Load may be split across multiple machines or only a single machine
The data present in the database can change, for example some tests might be done with generated data, and then later with data taken from a live system.
There is a massive amount of potential performance data to be collected after each test, for example:
- Many different types of application specific logging
- SQL Profiler traces
- Event logs
- DMVs
- Perfmon counters
The database(s) are several Gb in size so where I would have used backups to revert to a previous state I tend to apply changes to whatever database is present after the last test, causing me to quickly loose track of things.

I collect as much information as I can about each test I do (the scenario tested, which patches are applied what data is in the database), but I still find myself having to repeat tests because of inconsistent results. For example I just did a test which I believed to be an exact duplicate of a test I ran a few months ago, however with updated data in the database. I know for a fact that the new data should cause a performance degregation, however the results show the opposite!

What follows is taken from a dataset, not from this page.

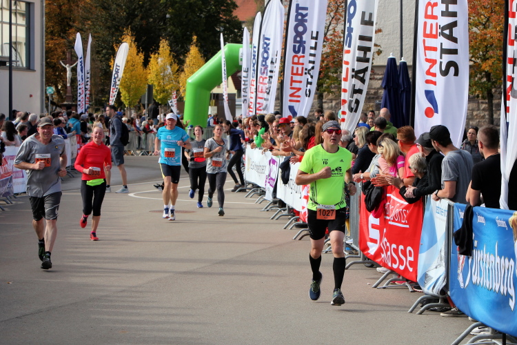 Countdown und los geht’s. An vielen jubelnden Zuschauern vorbei machen wir uns auf den Weg. Gleich biegen wir nach rechts ab in den historischen Stadtkern. Vorbei am Rathaus laufen wir auf das Mühlentor zu, das noch als einziges von vier Stadttoren der früheren Stadtmauer erhalten ist. Erbaut vermutlich um 1200 rum, brannte mal ab, wurde wiederaufgebaut und seitdem mehrmals umgebaut und renoviert. Jetzt ist es ein richtiges Schmuckstück. Kurz vorher biegen wir nach links ab und holen uns Gottes Segen ab. Den bekommen wir vom Pfarrer erteilt, der samt seiner Ministranten am Portal der Stadtkirche „Unsere Liebe Frau vom Berge Karmel“ steht.

At the same time I find myself sepdning disproportionate amounts of time recording these all these details.

One thing I considered was using scripting to automate the collection of performance data etc..., but I wasnt sure this was such a good idea - not only is it time spent developing scripts instead of testing, but bugs in my scripts could cause me to loose track of things even quicker.

I'm after some advice / hints on how better to manage the test environment, in particular how to strike a balance between collecting everything and actually getting some testing done at the risk of missing something important?

Solution

Scripting the collection of the test parameters + environment is a very good idea to check out. If you're testing across several days, and the scripting takes a day, it's time well spent. If after a day you see it won't finish soon, reevaluate and possibly stop pursuing this direction.

But you owe it to yourself to try it.